第9話 千堂香織の章 その2

ー沙絵ちゃんの好きな彼の席だ。


 沙絵ちゃんはことあるごとに、彼の事を見つめている。いくらなんでも分かりやすくて、彼の事が好きなのはばればれだ。それで、少し意地悪だけど「どうしたの?」と聞くと、頑張って誤魔化してきてすごく可愛い。恋する女の子は可愛くなると言うけれど、本当なんだと思った。

 それと同時に、なんで私じゃないんだろうって思ってしまった。私の方がずっと…、ずっとそばに、ずっと一緒に居たのにって。私からの一方的な感情を、押し付けるべきじゃないのは分かってる。この大事だという気持ちが、本当に恋なのか、ただの依存からくる嫉妬なのか、はっきりさせられてない事も分かってる。分かっているからこそ、はっきりさせるのが怖い。怖いから何もしない、何も…出来ない。今の仲の良い幼馴染という立場に甘えている。この気持ちを伝えたら、沙絵ちゃんは離れていってしまうだろうから。

 もちろん、応援したい気持ちがないわけでもない。どうせ、私の気持ちが叶うことは無いのだから、せめて沙絵ちゃんの幸せな姿くらいは見たい。それくらいは許して欲しい。でも、やっぱり嫉妬してしまうと思う。だから、さっきの行動は八つ当たりの面もあるんだ。私の出来る精一杯の意地悪なんだ。


「おーい。お前ら、時間だぞー。席に着けー」


 朝のHRの時間になったので、担任の池澤先生がそう言って、教室に入ってくる。


「今年も、そろそろ文化祭の準備にとりかかる時期だ。何をやるのか、何が必要なのか、ちゃんと考えとけよー」


 気だるげに先生が言った。確か去年の文化祭は、屋台をやったはず。あまり良いできとは言えなかったけど、みんな盛り上がっていた。そして、沙絵ちゃんはよく彼の方に近づいていっては戻ってを繰り返していた。きっと彼に二人で回ろうと誘おうとしていたんだと思うけど、結局だめだったみたい。今年こそは、誘えるといいね。


「沙絵ちゃん、沙絵ちゃん」


 小さな声で、沙絵ちゃんに話しかけた。


「どうしたの?」


 沙絵ちゃんも、小さく返してくる。


「文化祭、今年は何やるか考えた?」


「ううん。何がいいかなー」


 きっとクラス委員として私が、明日あたりに何をやるのかを、前に出て話し合うことになると思うので、今聞く必要は全く無いけど少しでも話がしたくて聞いてみた。
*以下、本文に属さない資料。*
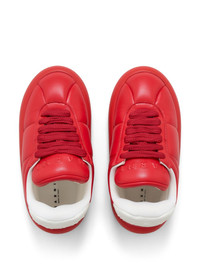 Bigfoot 2.0 sneakers Highlights - Bright red - Leather - Padded design - Front lace-up fastening - Contrasting branded heel counter - Logo-embroidered tongue - Round toe - Flat rubber sole Made in Italy Composition Outer: Ovine Leather (top grain) 100% Sole: Rubber 100% Lining: Polyester 100% SIZE & FIT FittingInformation This piece fits large – take one size down Measurement HEEL 1.57 in(4 cm) Sole height 1.37 in(3.5 cm)
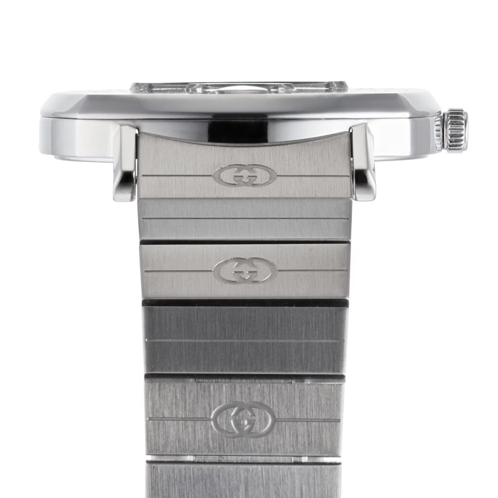 A clean, streamlined design that fits snugly around the wrist, the Grip watch takes its inspiration from the world of skateboarding, its name recalling the way the rider’s sneakers stick to the grip tape on a skateboard. The stainless steel face has three windows to display the hour, minute and date, completed with a matching bracelet with engraved Interlocking Gs. Steel case with engraved Interlocking Gs, 3 windows indicating hour, minute and date, steel bracelet with Interlocking Gs The warranty certificates for Gucci watches purchased after March 1st 2022 are exclusively available online. Download your certificate at https://watchwarranty.gucci.com by using the serial number engraved on the back of your watch. Quartz movement Water resistance: 3 ATM (100 feet/30 meters) YA157401 Swiss Made Your Grip watch will arrive in a special edition floral jacquard topped packaging, available in a range of four different motifs inspired by the world of Gucci ready-to-wear. Further accentuated by a delicate gold floral pattern, the box will be individually selected for your watch and comes with a velvet pillow for product storage.

「お化け屋敷とか、どうかな? 文化祭の定番な感じだし」


「ああ! いいね、それ。他には?」


「他、他かぁ」


「去年もやったけど、また屋台をやるとかかな」


「許可が取れるかわからないけど、それもいいね」


 他にも何かないか聞いたけど、特にないみたいだ。


「文化祭で何をやるかは、明日の化学の時間を使って決めるからな。よく考えとけよー」


 池澤先生が教室から出ていったので、一時間目の準備をする。前を見ると、沙絵ちゃんが右の方を見ていた。視線の先はやっぱり彼で、眠たそうにしていた。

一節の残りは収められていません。